For more info: www2.dnr.sc.gov/ManagedLands/ManagedLand/ManagedLand/61.
South Tibwin Trail – South Tibwin Trail just north of Awendaw in the Francis Marion National Forest is located directly off Highway 17 on the way up to Santee Coastal Reserve, should you feel ambitious enough to tackle two hikes in one day. This 2.4-mile loop trail provides a haven for birdwatchers and wildlife enthusiasts. The path winds through a range of ecosystems encompassing hardwood bottomlands, pine uplands, tidal marsh, freshwater ponds and managed wetlands. It’s a prime spot to see gators, deer, songbirds, waterfowl and shorebirds. A word of caution: South Tibwin also provides a haven for mosquitoes, which can be particularly relentless here during warmer months.
For more info: https://www.fs.usda.gov/recarea/scnfs/recarea/?recid=47279.
Fort Palmetto Park – Fort Palmetto Park, located off Six Mile Road abutting the Oyster Point neighborhood, offers a 1.5-mile round trip jaunt with a side of history. Formerly the site of a three-gun battery erected in 1861 as part of Charleston’s coastal defenses during the Civil War, the path passes by stately oaks and small ponds where you might see herons, egrets and turtles. As you amble along past longleaf pine and more Spanish moss-blanketed oaks, you encounter historical markers chronicling the strategic role coastal defenses like Fort Palmetto played during the Civil War and how slave labor was exploited to expeditiously build them. Remnants of the three gun positions and the powder magazines are still visible. The trail ends at an elevated observation platform providing expansive views toward Dewees Inlet and the inland waterway.
For more info: alltrails.com/trail/us/south-carolina/fort-palmetto-park-trail.

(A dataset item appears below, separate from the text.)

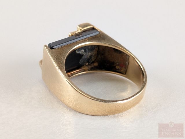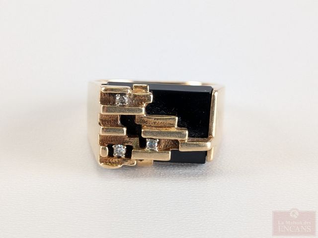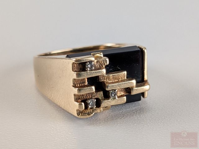 Lot # 105 - Superbe bague des années 60 en or 10k sertie d'un onyx et de diamants, taille 10.75

Whichever of these hikes you undertake, along with toting water and a first aid kit, it cannot be emphasized enough that you bring bug spray. Each trail mentioned on this list features a lot of standing water and the kind of generally swampy environments that attract hordes of mosquitoes. And it’s hard to enjoy picturesque settings or patiently scan for wildlife when you’re under constant assault from flying bloodsucking insects. Happy hiking!